Sighing, Daoka reached down for the one-legged corpse, and slid the one piece of metal that covered her chest and one of her breasts, down to her stomach. And just like she did with the imps and grems, she slammed a hand down into the corpse's chest hard, hard enough her claws broke through flesh and skin. With some arm power, she used both hands and pulled apart, and David gulped down the need to puke -- he couldn't anyway -- as the woman's ribs broke apart.

David watched. He walked past the now dead man, half sitting against the rock David had been hiding behind, and looked down at the mess Daoka made as she ripped the woman open. And tore out her heart.

She handed the bleeding thing and the torn tubes still on it to Jeskura, and the gargoyle smiled at her lover before munching it down. A human heart. Similar to the other hearts he'd seen them rip out, but not the same. This was a heart he'd seen before, during his autopsy.

He stared down at the body, the broken rib cage, the hint of guts he could almost see under the skin fold flaps by her sternum. The blood flowed, and the stones of Hell drank it down like a hungry sponge. A human body, just like his own, lying on rocks under a fire sky, instead of a metal table and cold LED lighting.

And the two demons were eating a chunk of it.
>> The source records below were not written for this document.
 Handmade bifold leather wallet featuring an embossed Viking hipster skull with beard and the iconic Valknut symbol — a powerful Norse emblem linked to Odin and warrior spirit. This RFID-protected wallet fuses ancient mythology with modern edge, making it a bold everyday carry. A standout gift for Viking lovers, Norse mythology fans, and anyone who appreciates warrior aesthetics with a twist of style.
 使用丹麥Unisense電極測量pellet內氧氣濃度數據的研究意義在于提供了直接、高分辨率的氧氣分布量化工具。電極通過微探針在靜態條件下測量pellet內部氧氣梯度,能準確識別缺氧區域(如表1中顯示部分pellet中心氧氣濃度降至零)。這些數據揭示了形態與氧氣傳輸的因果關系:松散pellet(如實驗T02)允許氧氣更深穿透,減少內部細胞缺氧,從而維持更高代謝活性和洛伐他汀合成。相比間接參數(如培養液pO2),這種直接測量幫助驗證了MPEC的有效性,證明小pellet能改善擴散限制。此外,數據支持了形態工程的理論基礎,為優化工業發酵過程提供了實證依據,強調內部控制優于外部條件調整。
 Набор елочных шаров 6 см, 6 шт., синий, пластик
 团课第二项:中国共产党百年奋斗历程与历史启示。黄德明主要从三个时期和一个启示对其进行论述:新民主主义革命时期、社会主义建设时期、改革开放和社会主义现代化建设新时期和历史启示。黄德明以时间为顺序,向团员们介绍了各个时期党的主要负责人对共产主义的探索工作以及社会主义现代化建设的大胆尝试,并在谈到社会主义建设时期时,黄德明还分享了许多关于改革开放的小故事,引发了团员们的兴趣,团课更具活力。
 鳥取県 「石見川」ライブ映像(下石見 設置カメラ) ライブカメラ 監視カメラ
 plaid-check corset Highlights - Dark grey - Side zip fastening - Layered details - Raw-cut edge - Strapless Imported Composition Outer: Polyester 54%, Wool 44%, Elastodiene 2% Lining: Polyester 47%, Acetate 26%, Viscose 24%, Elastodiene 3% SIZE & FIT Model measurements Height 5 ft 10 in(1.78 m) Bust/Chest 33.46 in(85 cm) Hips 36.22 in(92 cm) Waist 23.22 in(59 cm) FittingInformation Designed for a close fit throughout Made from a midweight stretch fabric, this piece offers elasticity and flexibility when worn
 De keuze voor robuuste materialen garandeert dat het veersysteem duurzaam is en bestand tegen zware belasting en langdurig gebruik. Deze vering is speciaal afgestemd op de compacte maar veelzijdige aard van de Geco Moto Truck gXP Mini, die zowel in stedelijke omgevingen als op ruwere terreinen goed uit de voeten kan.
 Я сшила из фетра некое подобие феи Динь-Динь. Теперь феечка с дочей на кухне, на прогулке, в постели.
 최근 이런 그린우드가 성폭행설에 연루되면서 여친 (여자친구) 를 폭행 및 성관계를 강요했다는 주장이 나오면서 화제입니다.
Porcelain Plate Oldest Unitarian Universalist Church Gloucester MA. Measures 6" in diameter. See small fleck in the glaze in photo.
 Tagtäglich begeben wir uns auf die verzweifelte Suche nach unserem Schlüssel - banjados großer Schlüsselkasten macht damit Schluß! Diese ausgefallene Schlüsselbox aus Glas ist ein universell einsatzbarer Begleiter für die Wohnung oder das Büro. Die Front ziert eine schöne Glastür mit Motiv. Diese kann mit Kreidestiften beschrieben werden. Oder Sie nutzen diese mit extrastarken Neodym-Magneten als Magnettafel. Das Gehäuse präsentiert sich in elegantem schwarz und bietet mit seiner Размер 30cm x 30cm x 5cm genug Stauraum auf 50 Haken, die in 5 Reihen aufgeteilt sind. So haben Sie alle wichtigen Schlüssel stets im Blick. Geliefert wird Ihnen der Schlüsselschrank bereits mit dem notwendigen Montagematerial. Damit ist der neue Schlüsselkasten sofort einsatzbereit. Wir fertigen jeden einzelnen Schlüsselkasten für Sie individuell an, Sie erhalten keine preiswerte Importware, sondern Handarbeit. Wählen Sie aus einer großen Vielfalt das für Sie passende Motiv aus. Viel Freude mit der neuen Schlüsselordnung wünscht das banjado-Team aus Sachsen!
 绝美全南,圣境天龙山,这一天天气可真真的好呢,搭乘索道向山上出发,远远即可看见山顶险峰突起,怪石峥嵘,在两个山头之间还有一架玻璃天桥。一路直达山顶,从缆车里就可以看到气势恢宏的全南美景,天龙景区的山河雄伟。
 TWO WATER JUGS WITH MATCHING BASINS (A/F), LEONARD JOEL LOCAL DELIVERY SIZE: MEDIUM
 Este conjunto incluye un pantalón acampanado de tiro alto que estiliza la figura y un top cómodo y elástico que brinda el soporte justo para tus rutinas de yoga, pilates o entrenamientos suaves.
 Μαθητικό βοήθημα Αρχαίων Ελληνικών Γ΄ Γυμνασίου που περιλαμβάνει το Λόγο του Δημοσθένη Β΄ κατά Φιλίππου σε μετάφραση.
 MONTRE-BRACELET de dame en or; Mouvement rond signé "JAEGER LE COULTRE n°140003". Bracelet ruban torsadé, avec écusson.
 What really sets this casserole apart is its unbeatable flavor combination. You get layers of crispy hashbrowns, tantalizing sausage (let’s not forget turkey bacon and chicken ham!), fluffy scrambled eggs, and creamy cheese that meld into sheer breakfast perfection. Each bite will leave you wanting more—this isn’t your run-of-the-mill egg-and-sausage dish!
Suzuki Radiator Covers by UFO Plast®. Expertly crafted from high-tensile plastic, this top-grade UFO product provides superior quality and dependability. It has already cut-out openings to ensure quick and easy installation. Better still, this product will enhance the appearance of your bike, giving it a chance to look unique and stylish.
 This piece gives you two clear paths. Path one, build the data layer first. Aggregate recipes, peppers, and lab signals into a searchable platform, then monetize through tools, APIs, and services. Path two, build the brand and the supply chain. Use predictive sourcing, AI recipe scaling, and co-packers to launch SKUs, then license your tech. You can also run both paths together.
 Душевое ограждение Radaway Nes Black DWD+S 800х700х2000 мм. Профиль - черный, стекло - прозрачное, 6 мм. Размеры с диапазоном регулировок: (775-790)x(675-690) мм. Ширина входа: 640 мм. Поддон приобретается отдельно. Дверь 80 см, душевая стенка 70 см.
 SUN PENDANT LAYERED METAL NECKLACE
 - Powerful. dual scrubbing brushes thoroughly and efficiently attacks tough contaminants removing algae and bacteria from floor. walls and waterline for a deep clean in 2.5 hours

Daoka grabbed the dead woman's cloak, ripped off a long chunk of it, and tied it around the deep wound in Jeskura's arm. The woman had hit her just above the metal armor covering the outside of her right bicep, almost deep enough to hit bone, and the blood Jes leaked was more than enough to risk a death to blood loss. But she shrugged it off like it didn't matter, and used her good arm to hold the heart to her mouth as she scarfed it down.